Se levantó de su asiento y observó el inmenso jardín que se presentaba ante su vista con nostalgia y con intranquilidad.

- Me temo que, de ser la voluntad de tu Dios, así van a ser las cosas – continuó hablando -. Grecus no está dispuesto a escuchar los consejos de aquellos que saben bien cuándo parar. Nadie de su dinastía lo ha hecho y él no será el primero ni el último en escuchar a quienes se preocupan verdaderamente por el bien de su pueblo… La ambición lo corroe, le da sed de más y más sin importar cuántas vidas inocentes caigan en sus manos.

Kilauea, comprendiendo las palabras del sabio, se levantó y le replicó:

- ¿Qué harás?

- ¿Yo? Salvar a mi familia. No sé cómo, pero lo haré… Pero eso no es tan importante como el mero hecho de que tu amiga espartana tenga que cuidarse las espaldas ahora que su niña nació… La niña que llevará en sus manos y en su vientre el final de este Imperio.

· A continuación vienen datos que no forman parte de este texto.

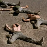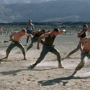 在不断变换中景与特写镜头中,我们看到摄影机始终于面孔与身体只写摆动,这些镜头与取景方式是德勒兹笔下的感知——影像与情动——影像的交互:由身体这一不确定中心生成的情绪渐渐收拢并释放于面孔——这一始终遮蔽着秘密与谵妄之处的运动器官中去。士兵们用扭曲的肢体与脸庞上的沟壑与伤痕在呐喊。那些互相之间胶着的肉体,被疲惫与饥饿折磨的脸庞,无一不在诉说着一种沉默的言语:不止于情欲,不止于军旅,不止于殖民地…而是关于内心那无法被象征秩序化的创伤与渴望,那是无关于男性的阳刚之气的,无关于体格的强健等级之分的,没有任何一个军官或者司令可以理解这一道道的伤疤。只有沉默可以理解,只有那些皮肤黑亮的农妇可以理解,只有风,沙,尘土,那些属于前生命的生成之源,能容纳下一个成年人赤裸如婴儿一般的叫喊。

Ambos callaron un momento.

Kilauea se debatió entre hacerle una pregunta o dejar las cosas así como están; ella sabía desde su interior que Serapis temía a algo como para que le avisara al Emperador. Pensando que tal vez podría llevarse un disgusto, resolvió plantearle su duda:

- ¿A qué le temes, Serapis?

El sabio se volvió hacia La Vidente.

- ¿A qué te refieres?

La joven mujer se acercó a su ex protector y, poniendo una mano en su hombro, le contestó:

- Estás intranquilo desde que leíste en las estrellas el nacimiento de la hija de Medea. Eso indica que le temes a algo… ¿A qué?

Serapis se apartó y tomó asiento.

Resoplando, miró a La Vidente a los ojos y le dijo:

- No es que tenga miedo, Kilauea… Es sólo que simplemente me he dado cuenta lo bajo que hemos caído como Imperio y lo necesario que es para todos que el linaje de Ladon Medbh se extinguiera para siempre. Si bien eso no evita que surja un nuevo imperio con las mismas características, me di cuenta de que este imperio estaba condenado desde el principio a caer tan rápidamente como surgió.

Kilauea le miró sin comprender aquellas palabras, a lo que Serapis añadió:

- Mi niña… Si Grecus y sus hijos continúan arrebatando las tierras que jamás les pertenecieron, entonces una gran rebelión se desatará... Y eso es algo que sé que no viviré ni que veré en mis años de vejez.

La Vidente no pudo estar más que acorde.